• _ACTION ITEM_
Return the whole listing unchanged. Drop the images.

DATA BLOCK below:

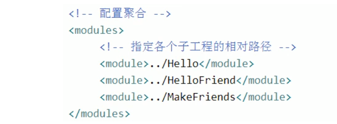 配置方式:在一个“总的聚合工程”中,配置各个参与聚合的模块
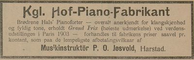 I denne annonsen fra Haalogaland 14. november 1903 ser vi at Jøsvold også livnærte seg som forhandler av pianoer fra Brødrene Hals.
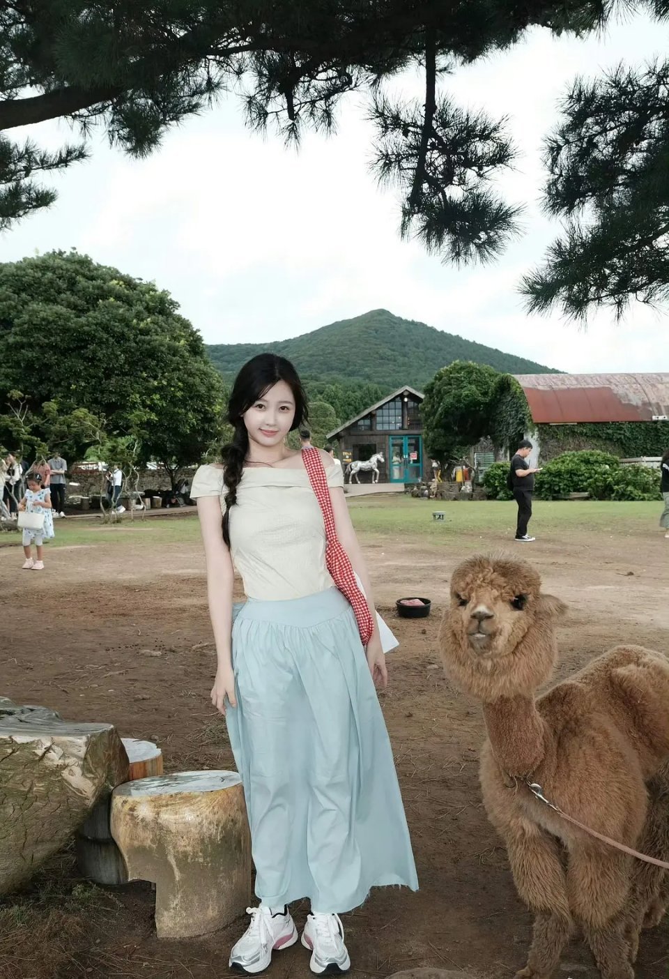 张天爱跟素人合影,胯真的好宽,大宅院似的

End of DATA BLOCK.

• _RESPONSE BELOW_
 配置方式:在一个“总的聚合工程”中,配置各个参与聚合的模块
 I denne annonsen fra Haalogaland 14. november 1903 ser vi at Jøsvold også livnærte seg som forhandler av pianoer fra Brødrene Hals.
 张天爱跟素人合影,胯真的好宽,大宅院似的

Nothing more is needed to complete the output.